The TESS site is up and running now. The first study participant received his geckos registration number yesterday and has submitted his initial data. Were officially up and running !!!

Thanks for your support everyone.


----------



## olivine (Feb 5, 2009)

That's excellent news Mal; all I can do is wish you the very best of luck with the study. I hope that other members realise the hard work that you and Mike have put in to getting this off the ground and give you the support the study really does deserve.

And as for worrying that people are getting bored hearing about TESS...well, I'm sure that anyone with half a brain will understand that you need to recruit participants for the study and hence your need to bump your threads etc. And, to be perfectly blunt, it actually makes a refreshing change to have such a worthwhile thread on here these days : victory:


----------



## kirsten (Jan 13, 2008)

I wish i was still breeding, as i'd have LOVED to have taken part in this study, as i did have an enima male, which i had paired to most of my females, and produced some lovely enimga babies. saldy i no longer keep leo's on the large scale. i only have the one little lad.


----------



## DavidStaffs (Jul 13, 2009)

Just want to say well done to Mal, and all the team, for this study and well written article in PRK. Not sure if I'll be breeding my enigma this season but I am hoping to get a nice mack snow enigma (het tremper if I'm really lucky) as some point this season so really hope one way or the other I can help provide data for this much needed study.


----------



## novas (Aug 2, 2010)

I'm still a novice but found the article in PRK a really interesting read, best of luck to everyone involved!


----------



## Mal (Jul 22, 2007)

Thankyou for your very kind words and support folks. It really is appreciated. We have two geckos in the study now so its a positive start. It was a sigh of relief when we got the first participant.

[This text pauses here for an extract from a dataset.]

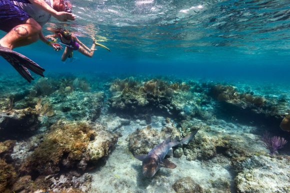 터크스 케이커스 제도 프로비던셜스 섬 앞바다에서 관광객이 수염상어와 스노클링 하는 모습. 터크스 케이커스 제도 관광청 홈페이지 캡처

Im glad you liked the PRK article. I have Val (Olivine) to thank for proof reading the original article before I sent it to PRK. 

Good luck with your Enigmas David, and if you buy rather than breed you would still be able to include it in the study. If you buy from a breeder who has already included the gecko in the study its simply a case of transferring a few details, making a note of accomodation changes and continuing. If you buy from a shop its a full registration but only takes a few minutes.


----------



## MP reptiles (Dec 30, 2010)

Hope this goes well for you and maybe the results should be made a sticky!


----------



## suez (Jul 8, 2007)

Hi Mal here's wishing you the very best of luck with the study.You are a :no1:guy .As you know i no longer breed leos but i will encourage all i know with enigmas to sign and help with the study.


----------



## JustJordan (Jul 2, 2008)

Best of luck and please keep us updated. Im interested in the news letter too :2thumb:
I have just started keeping enigmas and breeding them so I am highly interested! 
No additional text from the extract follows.